(Beginning of Input data)

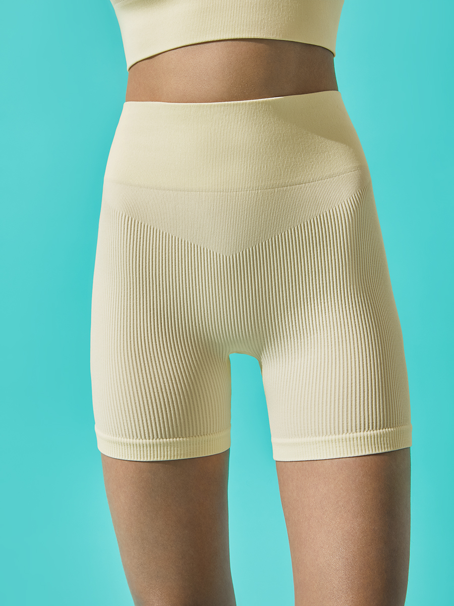 Женские спортивные шорты в рубчик с высокой линией талии. Превосходно облегают, подчеркивают красоту форм и обеспечивают полную свободу движения.
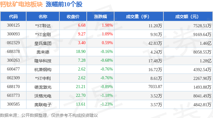 从资金流向上来看,当日钙钛矿电池板块主力资金净流出8.1亿元,游资资金净流入1.79亿元,散户资金净流入6.31亿元。钙钛矿电池板块个股资金流向见下表:
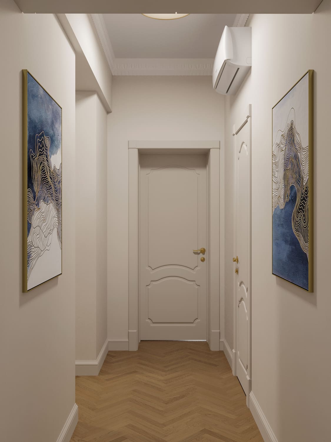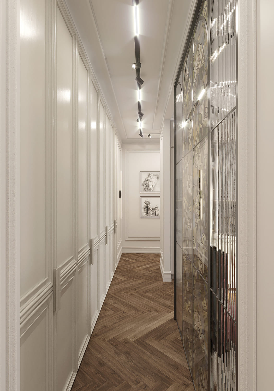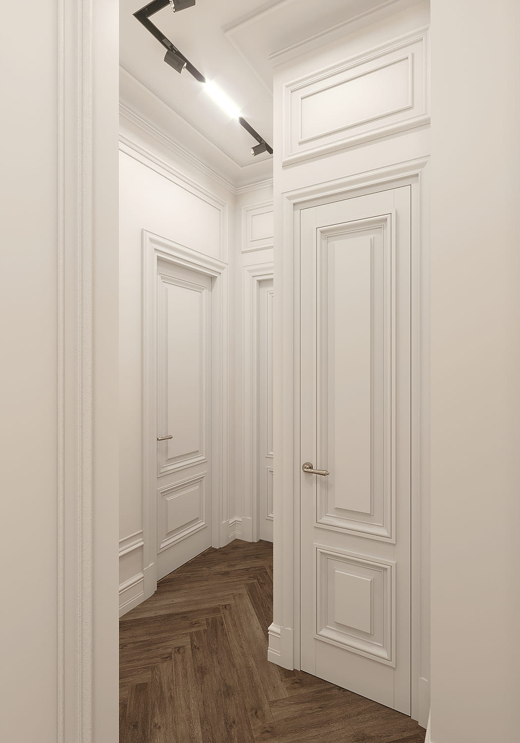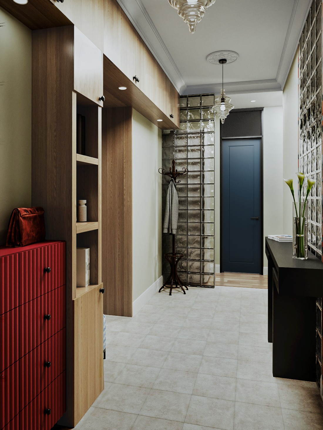 Коридор — не просто проход, а визитная карточка сталинской квартиры. Узкие метры и высокие потолки создают уникальный дизайн-вызов: нужно совместить практичность хранения с сохранением исторического характера.
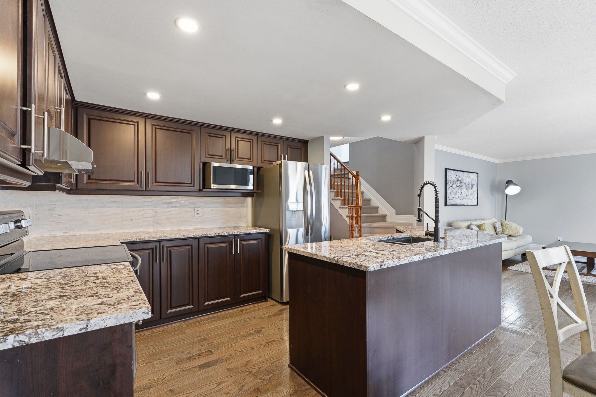 • Chef-inspired kitchen with granite countertops and stainless steel appliances.
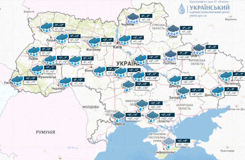 В Україні буде хмарно. Очікується помірний мокрий сніг та дощ, місцями ожеледь, налипання мокрого снігу. На півдні переважно дощі. Уночі в Карпатах та на Закарпатті, вдень у Чернігівській, Полтавській, Сумській та Харківській областях будуть значні опади.
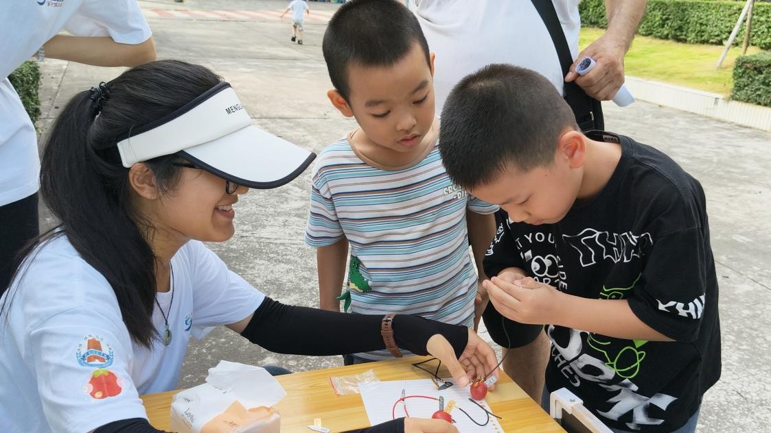 小朋友積極參與“水果電池”實驗
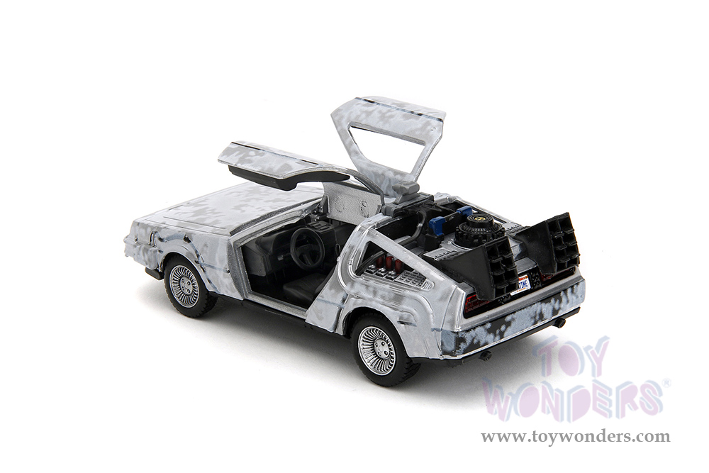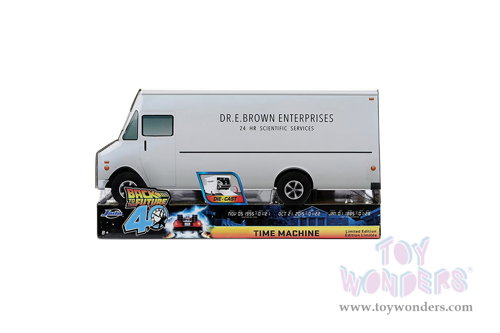 Jada Toys - Hollywood Rides | DeLorean DMC (Time Machine) "Back to the Future" with Dr. E. Brown's Enterprise truck 40th Anniversary Special Packaging (1/32 scale diecast model car, Frost Brush Metal) 36848

(End of Input data)

== Assigned task ==
Copy the records above from the first line through the line containing "从资金流向上来看,当日钙钛矿", both included, and leave out any pictures.

== Response to this exercise ==
 Женские спортивные шорты в рубчик с высокой линией талии. Превосходно облегают, подчеркивают красоту форм и обеспечивают полную свободу движения.
 从资金流向上来看,当日钙钛矿电池板块主力资金净流出8.1亿元,游资资金净流入1.79亿元,散户资金净流入6.31亿元。钙钛矿电池板块个股资金流向见下表:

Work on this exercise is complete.